▶ _REQUIRED WORK_:
Please return exactly the lines below that run from the line with "中肉でハリもあり、合皮ながらも本革のようなしっかりした質感があります。" through the end of the listing, both included, but not the pictures.

--- START ---

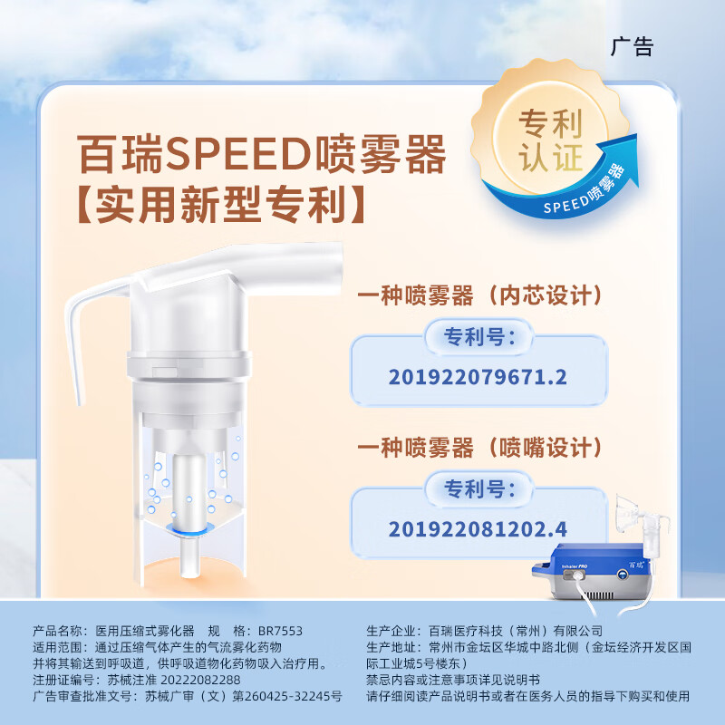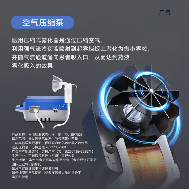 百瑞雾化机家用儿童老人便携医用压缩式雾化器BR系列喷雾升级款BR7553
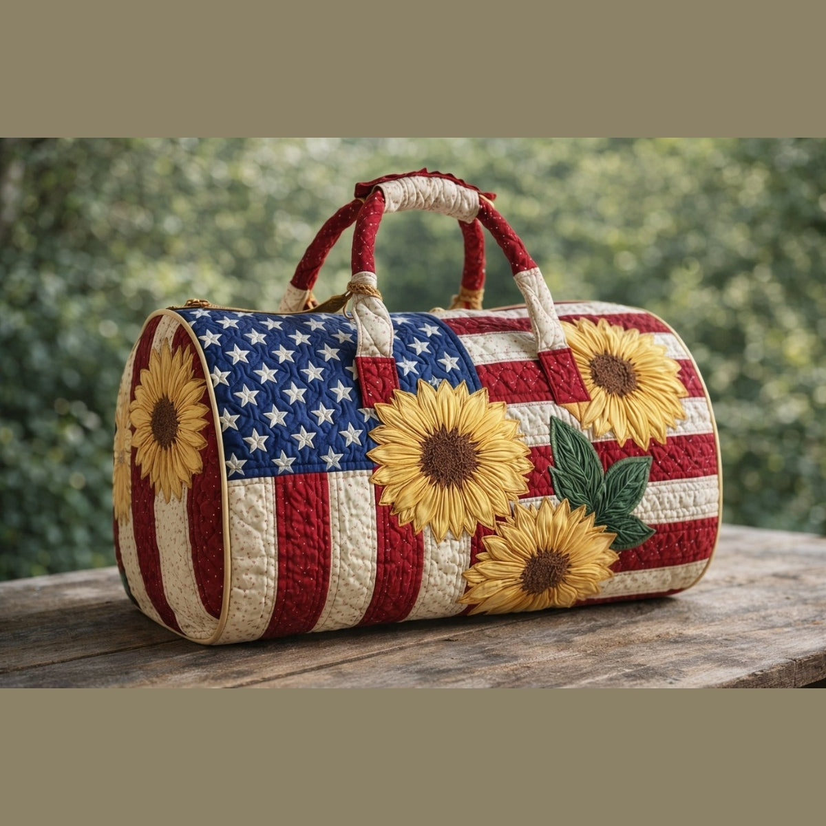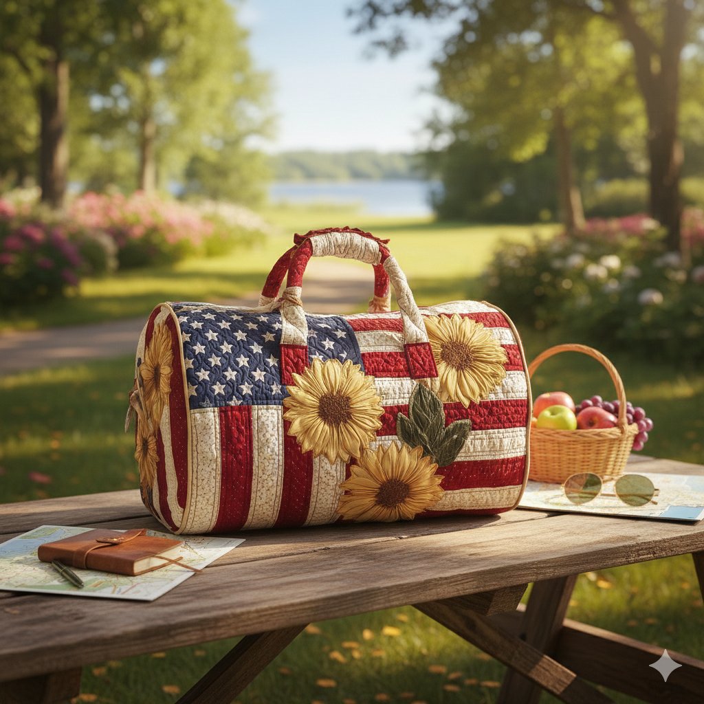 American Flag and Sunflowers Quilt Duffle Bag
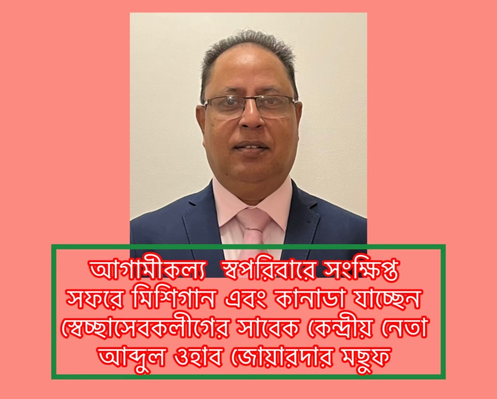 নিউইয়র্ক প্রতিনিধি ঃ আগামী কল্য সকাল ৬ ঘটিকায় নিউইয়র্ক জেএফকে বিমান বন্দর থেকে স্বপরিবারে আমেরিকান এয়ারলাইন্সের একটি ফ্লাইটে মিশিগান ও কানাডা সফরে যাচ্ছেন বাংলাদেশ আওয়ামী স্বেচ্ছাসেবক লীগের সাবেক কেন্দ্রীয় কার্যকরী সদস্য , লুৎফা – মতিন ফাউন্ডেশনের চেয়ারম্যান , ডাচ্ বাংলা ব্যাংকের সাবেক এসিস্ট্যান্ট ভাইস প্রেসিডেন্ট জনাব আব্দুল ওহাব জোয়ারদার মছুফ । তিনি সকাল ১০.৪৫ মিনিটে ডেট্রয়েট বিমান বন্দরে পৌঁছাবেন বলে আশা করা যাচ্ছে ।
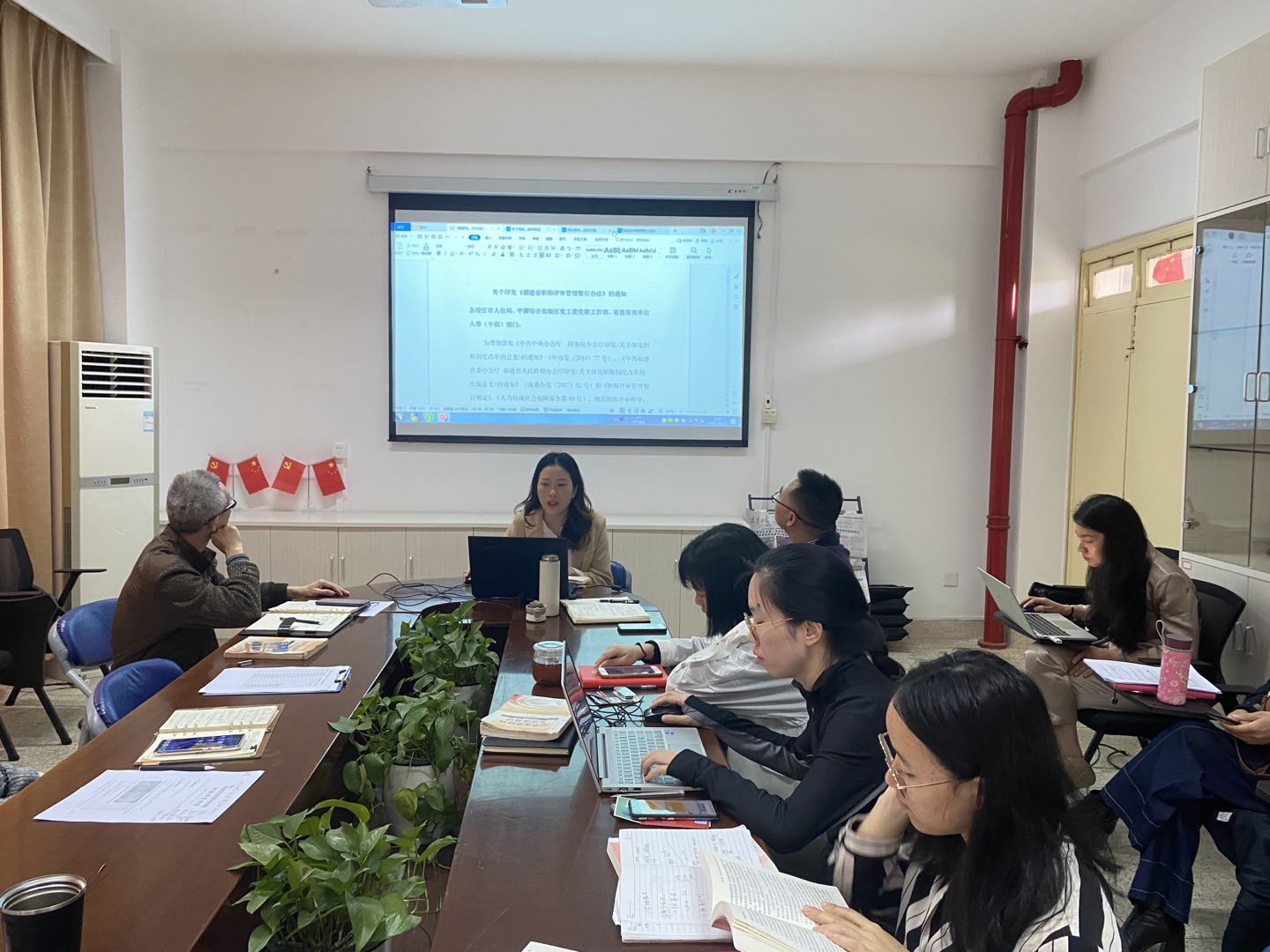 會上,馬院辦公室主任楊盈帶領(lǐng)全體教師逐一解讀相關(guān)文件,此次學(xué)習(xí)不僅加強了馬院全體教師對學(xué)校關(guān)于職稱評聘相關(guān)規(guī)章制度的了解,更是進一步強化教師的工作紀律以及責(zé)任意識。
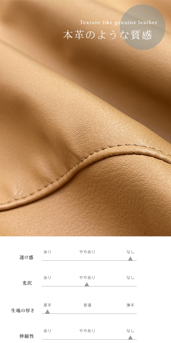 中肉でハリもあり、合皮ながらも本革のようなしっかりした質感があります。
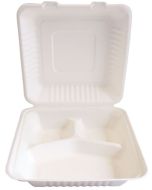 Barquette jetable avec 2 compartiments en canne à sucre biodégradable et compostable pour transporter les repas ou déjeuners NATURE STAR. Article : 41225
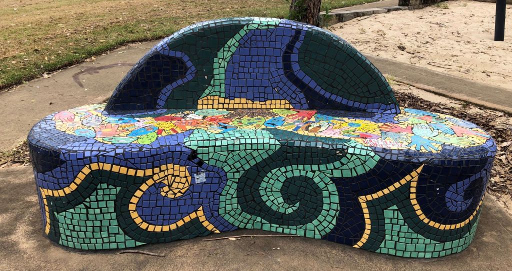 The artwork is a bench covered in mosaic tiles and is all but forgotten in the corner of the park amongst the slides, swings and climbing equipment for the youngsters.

--- END ---

▶ _REPLY TO THE TASK_:
 中肉でハリもあり、合皮ながらも本革のようなしっかりした質感があります。
 Barquette jetable avec 2 compartiments en canne à sucre biodégradable et compostable pour transporter les repas ou déjeuners NATURE STAR. Article : 41225
 The artwork is a bench covered in mosaic tiles and is all but forgotten in the corner of the park amongst the slides, swings and climbing equipment for the youngsters.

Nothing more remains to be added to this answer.